Wellington youth mental health facility lost track of people in its care 35 times

An acute youth mental health facility in Wellington lost track of young people in their care 35 times.  

Figures provided to Newshub under the Official Information Act show in the year to April, patients went missing 35 times from Wellington's Adolescent Inpatient Service - 26 of those incidents resulted in missing people reports to police.

The data shows the 35 missing people of concern incidents related to 21 people, meaning some of those people were missing more than once. 

During the same time period, there were five suicide attempts and 27 self-harm incidents. 

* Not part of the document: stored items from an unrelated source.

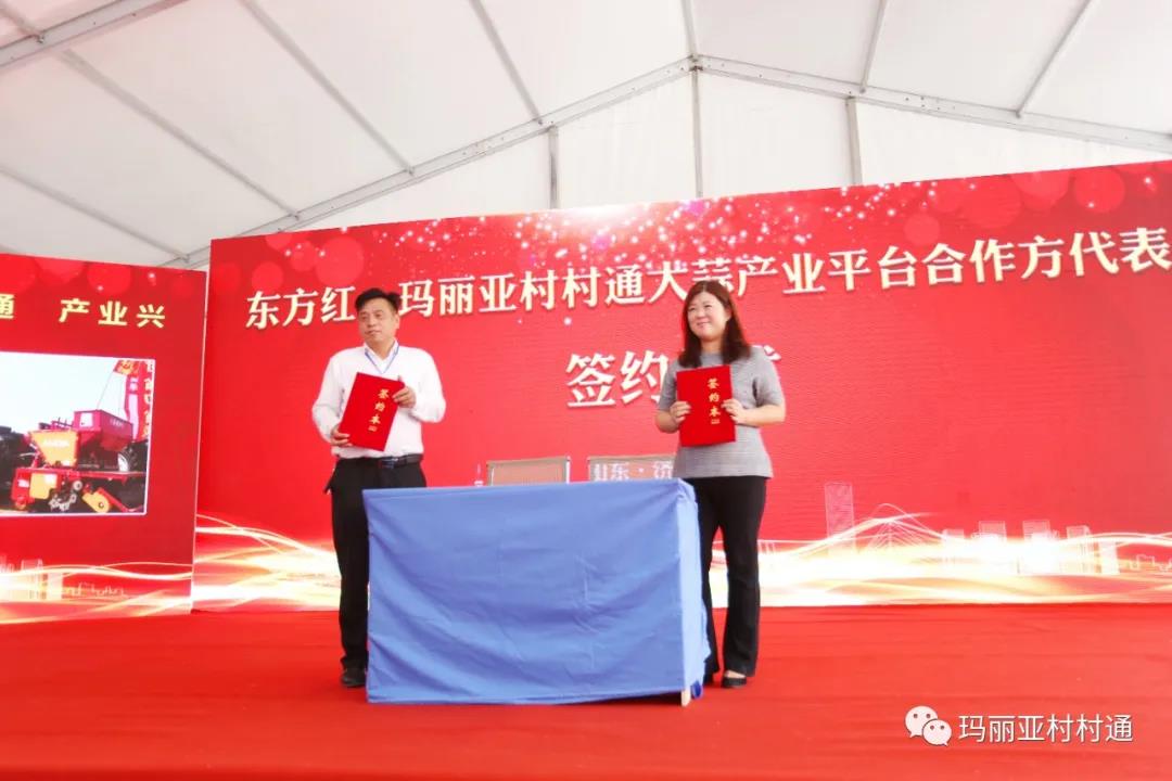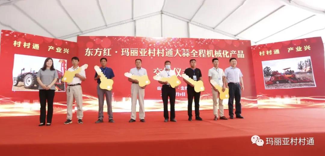 中国一拖集团副董事长蔡济波、山东省香蕉成人网视频村村通农业发展有限公司总经理 辛丽 为六位东方红•村村通产业平台合作站点代表交钥匙,完成了东方红·香蕉成人网视频村村通香蕉视频污视频全程机械化产品交机仪式。
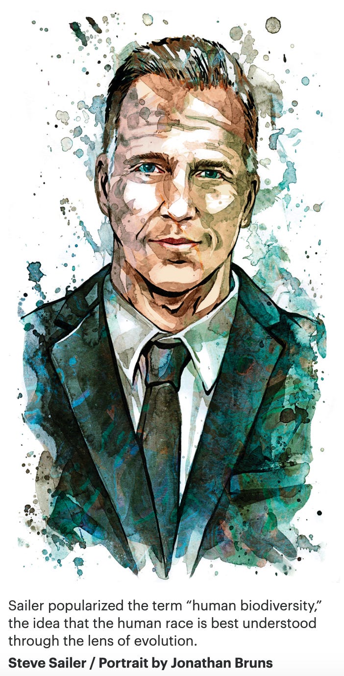 Sailer popularized the term “human biodiversity,” the idea that the human race is best understood through the lens of evolution. He claims he’s basically a sports fan, noting that some races tend to do better in certain sports and playing positions. “I just employ the kind of thinking that’s not terribly controversial in the sports world to more politicized questions about society, such as education or crime.” He has written about racial differences and test scores. He’s also reported that FBI data shows that 60% of known homicide offenders are African American.
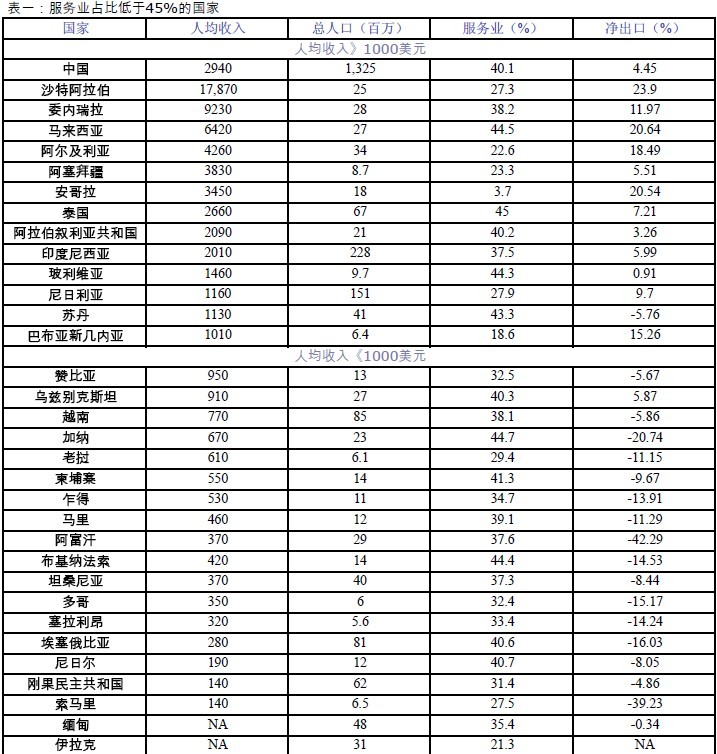 表一(见下页)列举的是2008年世界上所有服务业占GDP比重低于45%的国家。这个比重是低收入国家的服务业平均占比,所以表中的国家都是服务业发展水平极低的。为节省空间计,我们不考虑总人口500万以下的小国。表中国家按收入排序,并以人均收入1000美元为界,把它们分成两组——1000美元大约是世界银行的低收入国家和中低收入国家的分界线。所有数据来自世界银行发展指标数据库。
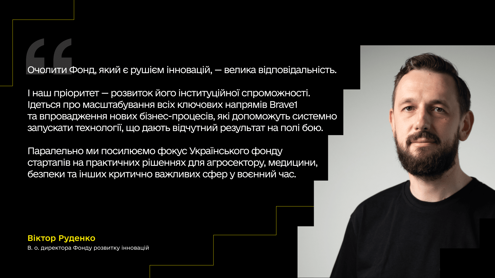 В. о. директора Фонду розвитку інновацій Віктор Руденко має понад 15 років досвіду в державному управлінні, зокрема в Міністерстві юстиції і Міністерстві розвитку громад та територій. З 2022 року як експерт Digital for Freedom та EGAP відповідав за розробку ключових нормативно-правових актів, які спростили процес закупівель інноваційного озброєння й дали поштовх до формування ринків БпЛА та РЕБ (постанова КМУ № 256) і боєприпасів (постанова КМУ № 763).
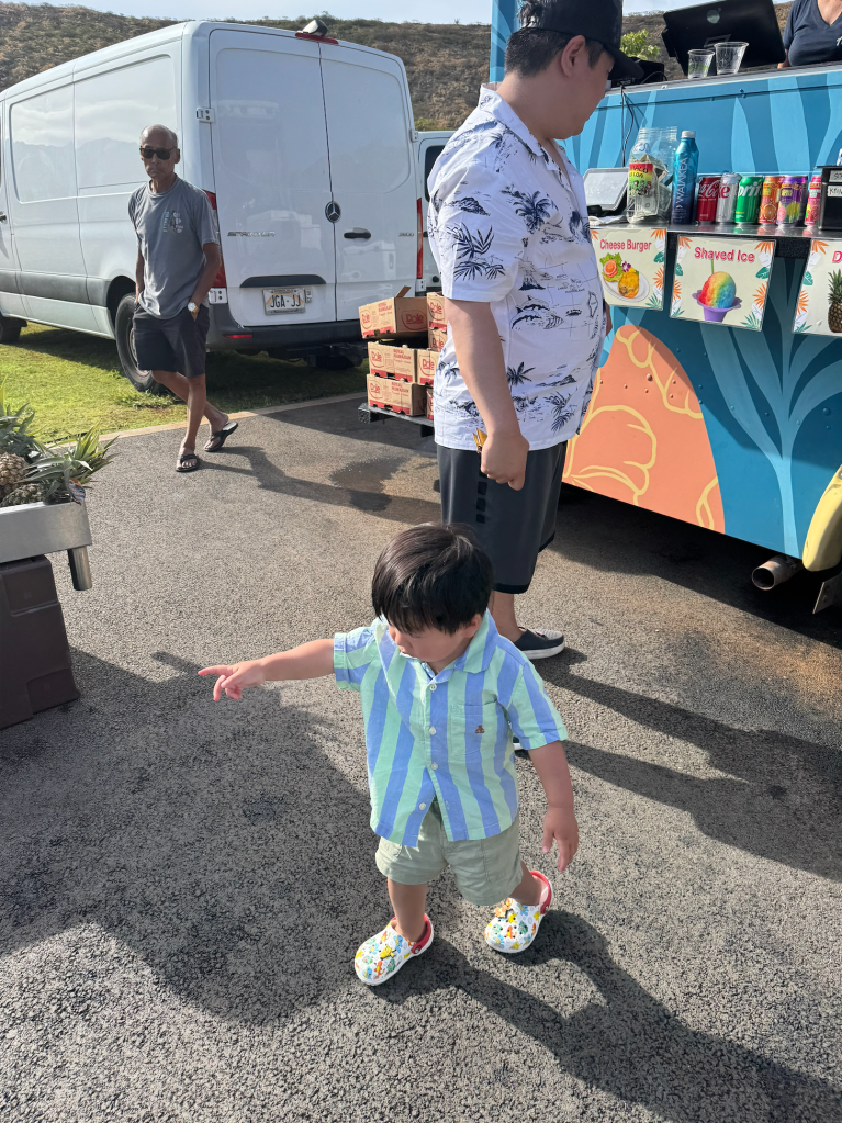 In Hawaii, the moments that stand out most are things like all of us splashing around in the ocean together, Leo excitedly eating shaved ice, or my parents smiling happily while enjoying delicious food.
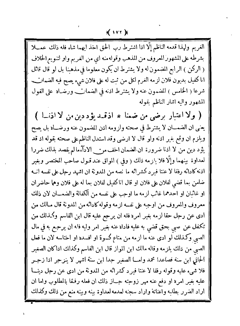 يعني أن الضمان لا يشترط في صحته ولزومه إذن المضمون عنه ورضه بل يصح ويلزم أن وقع بغير إذنه ولو قال لا أرضى وقد استدل الناظم على صحته بقوله إذ قد يؤد دين من لا إذنا ضرورة أن الضمان أخف من الاداء ما لم يقصد بذلك ضررًا لعداوة بينهما وإلا فلا يلزمه ذلك (وفي) المواق عند قول صاحب المختصر وبغير أنه كأدائه رفقا لا عنتا فيرد كشرائه ما نصه من المدونة أن أشهد رجل على نفسه أنه ضامن بما قضي لفلان على فلان أو قال أنا كفيل لفلان بما له على فلان وهما حاضران أو غائبان أو أحدهما غائب لزمه ما أوجب على نفسه من الكفالة والضمان لأن ذلك معروف والمعروف من أوجبه على نفسه لزمه وما قوله كأدائه من لمدونة قال مالك من أدى عن رجل حقا لزمه بغير أمره فله أن يرجع وقوله كأدئه من المدونة قال مالك من أدى عن رجل حقا لزمه بغير أمره فله أن يرجع عليه قال ابن القاسم وكذلك من تكفل عن صبي بحق قضي به عليه فأداه عنه بغير أمر وليه فله أن يرجع به في مال الصبي وكذلك لو أدى عنه ما لزمه من متاع كسوة أو أفسده أو اختلسه لأن ما فعل الصبي من ذلك يلزمه وقاله مالك ابن المواز قال ابن القاسم وكذلك إذا كان الصغير الجاني ابن سنة فصاعدا محمد وأما الصغير جدا ابن ستة أشهر لا ينزجر إذا زجر فلا شيء بغير أمره أو دفع عه مهر زوجته جاز ذلك أن فعله رفقًا بالمطلوب وأما أن أراد الضرر بطلبه وإعناته وأراد سجنه لعدمه لعداوة بينه وبينه منع من ذلك وكذلك
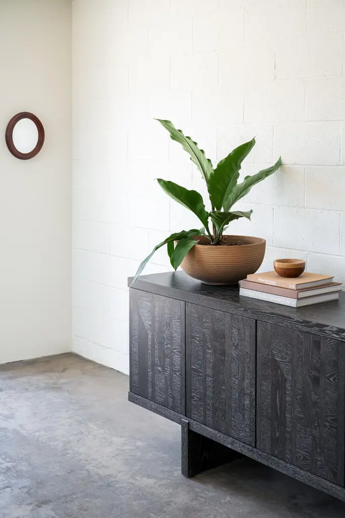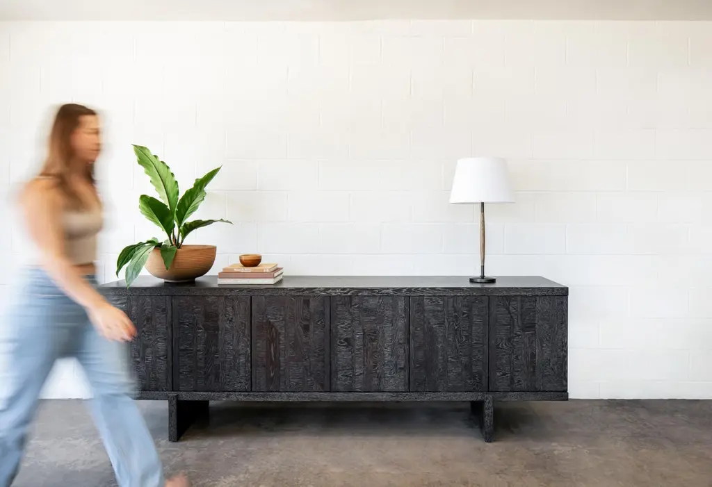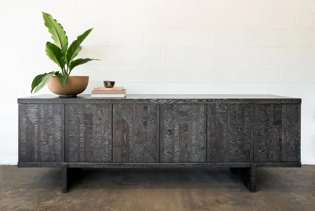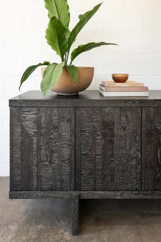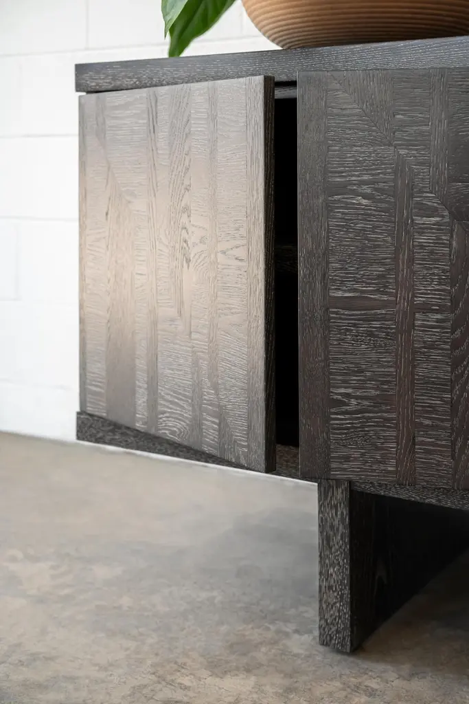 This marquetry cabinet is hand made in the United States and features all-hardwood construction. Characterized by a thick solid wood top, inlaid cabinet doors and slab legs, this decorative cabinet with marquetry is distinguished by its exquisite marquetry pattern. This modern marquetry cabinet would suite a more transitional design as well as a contemporary design. Ikat cabinet by Lynnea JeanCreativity often begins with exploration. The Ikat Cabinet motif started as a photograph—then evolved into a painting, a rug design, and finally, a study in wood marquetry. Through each iteration, the motif transformed into a modern interpretation of Ikat, a pattern rooted in the rich textile traditions of Indonesia and first introduced to European design in the early 1900s.Exploring texture through form, the cabinet is finished in a warm chocolate hue, making it a striking yet grounded addition to your design. It stands as a testament to the creative process itself—a reflection of curiosity, evolution, and the beauty of following an idea across mediums.
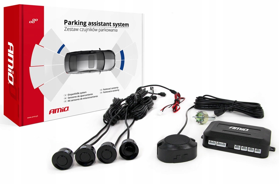 Power supply 12V Universal application 4-se sensors in the set signaling buzer Location of obstacle position Sensor diameter 22 mm black Обладнаний перемикачем вмикання/вимкнення , що дозволяє приглушити систему метод складання датчиків - ззовні свердло з різаком у наборі Інструкції для складання в польській вміст набору, як на фотографії нижче
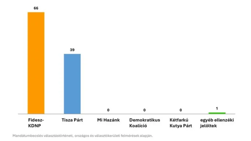 A felmérés 44 választókerületet minősített biztosan Fidesz-győzelmesnek, további 22-ben pedig nagy valószínűséggel diadalmaskodik a kormánypárt jelöltje. Ezzel szemben balliberális kötődésű intézetek folyamatosan jelentős Tisza Párt győzelmet jeleznek. Kiszelly Zoltán rámutatott: „Magyarországon több ellenzéki közvélemény-kutató intézet számai azon a vélelmezésen alapulnak, hogy 90 százalék körüli, vagy fölötti lesz a részvétel, ami a mai tudásunk szerint nehezen elképzelhető, a kommunizmusban volt legutóbb ekkora.” Mráz Ágoston Sámuel, a Nézőpont Intézet vezérigazgatója választástörténeti adatokra és választókerületi kutatásokra hivatkozva azt mondta: „Narancssárga lesz ismét az ország.”
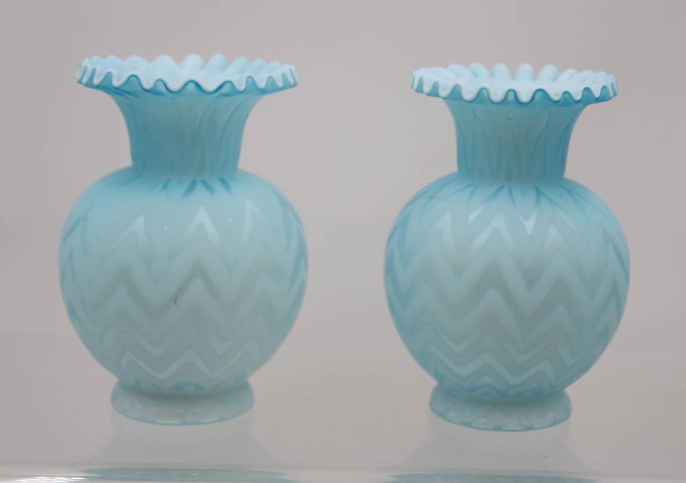 Paar schöne Opal-Glasvasen in blau, älter, je ca. H-14cm [1]
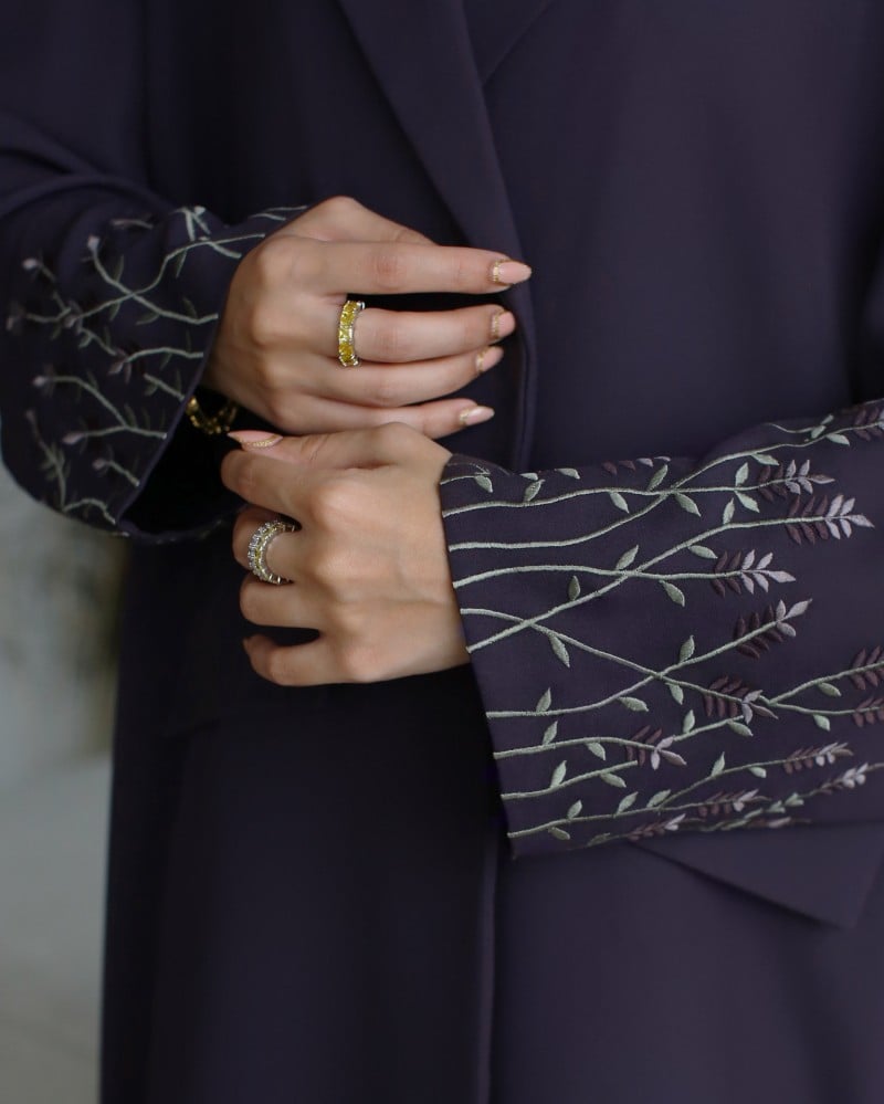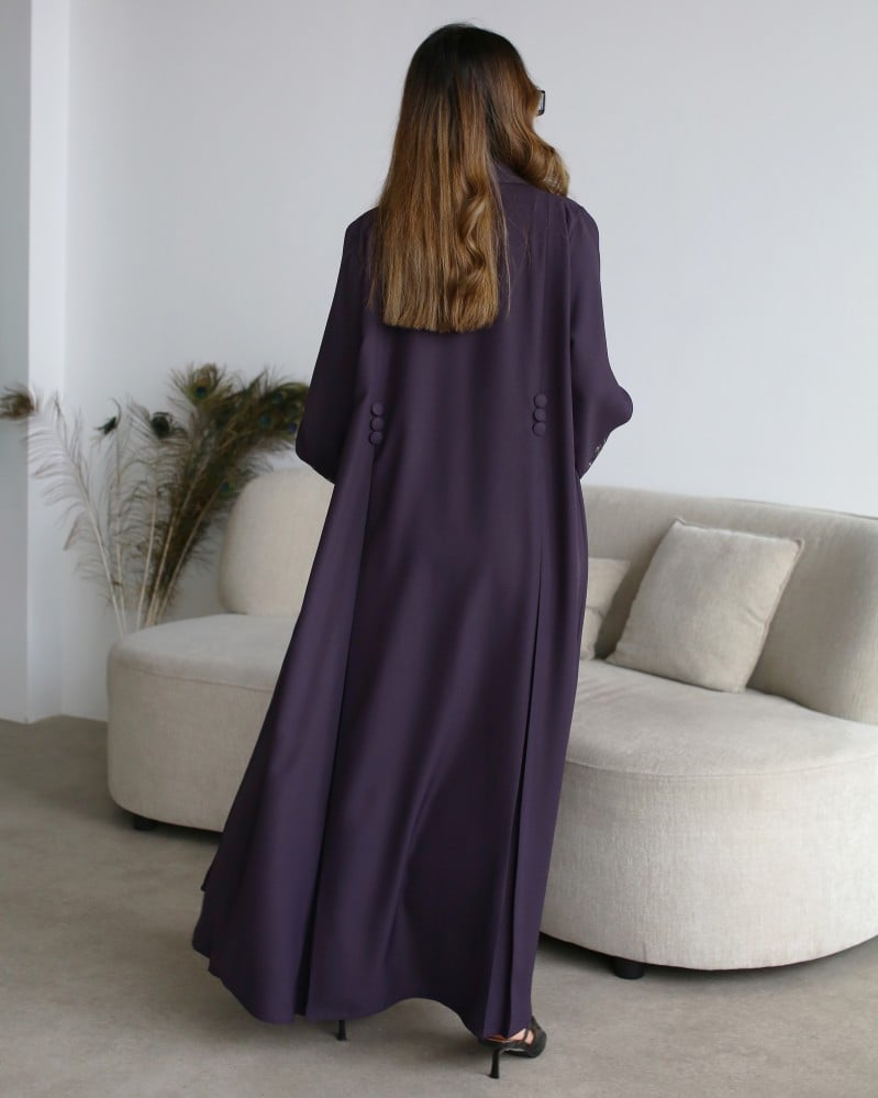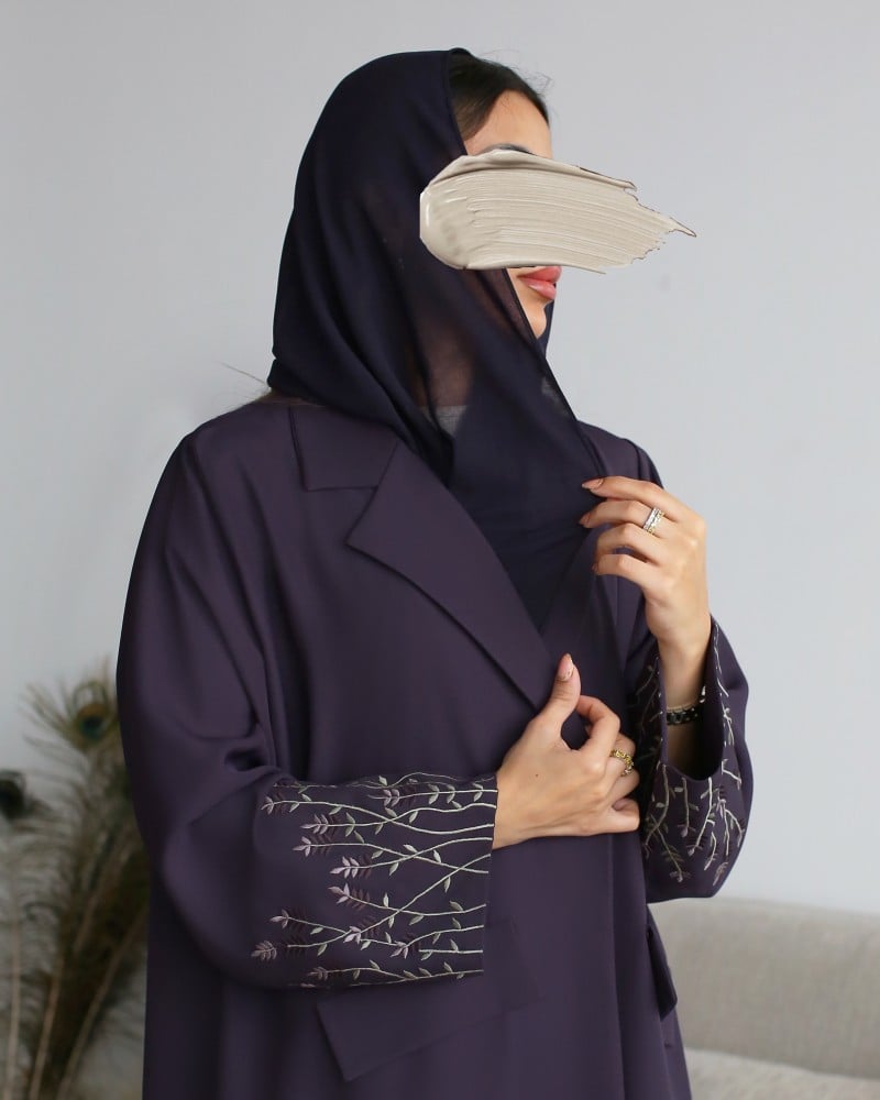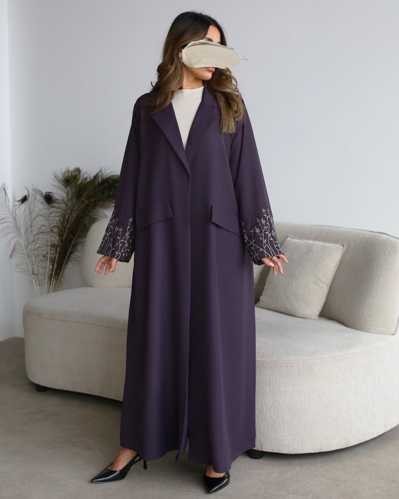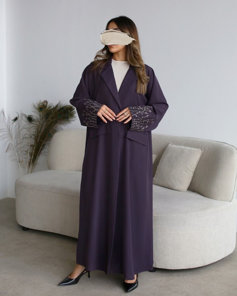 عباية عملية بتصميم كلاسيكي بدرجة البنفسجي الدخاني مع تطريز يدوي في الأكمام،
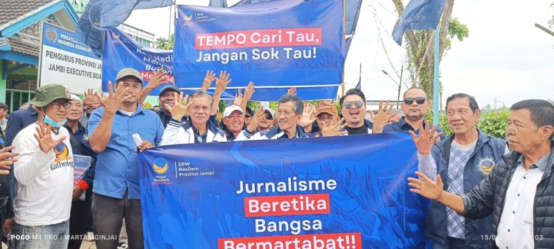 JAMBI — Dewan Pimpinan Wilayah (DPW) Partai NasDem Provinsi Jambi menggelar aksi damai di depan kantor Persatuan Wartawan Indonesia (PWI) Provinsi Jambi, Rabu (15/4/2026). Aksi tersebut merupakan bentuk protes atas cover majalah Tempo edisi 12 April 2026 yang menampilkan Ketua Umum Partai NasDem, Surya Paloh.

In a statement, the District Health Board said the increase in incidents was down to a temporary move after a fire damaged their unit - the service has now moved back. 

"A 'missing person of concern' relates to a situation where a person leaves the unit without informing staff of where they are going," Nigel Fairley, Mental Health, Addictions and Intellectual Disability Service general manager told Newshub.

"This includes youth who are informal clients, who can leave anytime, but do so without telling staff where they are going. The terminology is used broadly for reporting purposes. 

"An increase is attributed to the temporary relocation of the service to an open ward in Wellington.

"The service was relocated after a fire damaged our adult acute inpatient ward, which meant that RRAIS clients were located in a new environment and were less settled. The service returned to its original location in September."

The Prime Minister has admitted some acute care facilities might actually be causing more harm to mental health patients - and she's hoping a new suicide prevention office will hold them to account.

A shoulder injury in 2017 was the beginning of a tough time for former All Black Nehe Milner Skudder - the on-going struggle meant he missed out on this year's World Cup.

'Over the years I've built up a tool kit of strategies and resources - I still found myself going back to some dark places," he said. 

He found his way out of those dark places and on Wednesday helped the Government launch its National Suicide Prevention office

This particular milestone is somewhat bittersweet. It is bitter because New Zealand's high rate of suicide is shameful," said Jacinda Ardern.

The Government acknowledges there's no easy fix - and even acute services - which deal with our most at-risk patients aren't coping. 

"Over a number of years, there have been reports that a number of our acute services are actually contributing to harm," said Ardern.

Earlier this year Newshub spoke to a teenager who lives with bipolar - she spoke of seeing others self-harming while at Wellington's Adolescent Inpatient Service

"Every day you would walk in there would be blood in the sink," she told NewsHub at the time.